Another thing: wouldn't we want to detect all truncations, not just
the ones that happen to end up negative?

For example (with -fno-strict-overflow), (0x12345678 << 12) ==
0x45678000, which is still a positive integer, but obviously
truncated.

We can easily avoid the UB by moving the cast out (since ->vm_pgoff is
unsigned and unsigned shifts are always defined IIRC), but that still
doesn't reliably detect the positive-result truncation/overflow.
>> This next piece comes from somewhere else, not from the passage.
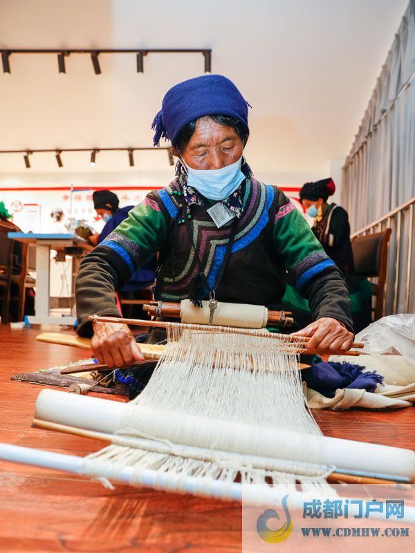 10月27日,在四川省凉山州昭觉县南坪社区的彝绣工坊,易地扶贫搬迁到此的妇女在纺织用于制作彝族传统服装“查尔瓦”的布匹。这个彝绣工坊有100多名绣娘,依照订单制作彝族传统服饰制品,绣娘们在此灵活就业,既能为家庭增收,又方便照顾家中老人和孩子,每年可增收数千至上万元。

>         if (vma->vm_pgoff & (~huge_page_mask(h) >> PAGE_SHIFT))
>                 return -EINVAL;
>
>         vma_len = (loff_t)(vma->vm_end - vma->vm_start);
> +       len = vma_len + ((loff_t)vma->vm_pgoff << PAGE_SHIFT);
> +       /* check for overflow */
> +       if (len < vma_len)
> +               return -EINVAL;

Also strictly speaking UB. You can avoid it by casting vma_len to
unsigned and dropping the loff_t cast, but it's admittedly somewhat
verbose. There also isn't an "unsigned loff_t" AFAIK, but don't we
have some helpers to safely check for overflows? Surely this isn't the
only place that does loff_t arithmetic.

>
>         inode_lock(inode);
>         file_accessed(file);
>
>         ret = -ENOMEM;
> -       len = vma_len + ((loff_t)vma->vm_pgoff << PAGE_SHIFT);
> -
>         if (hugetlb_reserve_pages(inode,
>                                 vma->vm_pgoff >> huge_page_order(h),
>                                 len >> huge_page_shift(h), vma,
> @@ -155,7 +164,7 @@ static int hugetlbfs_file_mmap(struct file *file, struct vm_area_struct *vma)
>
>         ret = 0;
>         if (vma->vm_flags & VM_WRITE && inode->i_size < len)
> -               inode->i_size = len;
> +               i_size_write(inode, len);
>  out:
>         inode_unlock(inode);

This hunk seems a bit out of place in the sense that I don't see how
it relates to the overflow checking. I think this either belongs in a
separate patch or it deserves a mention in the changelog.


Vegard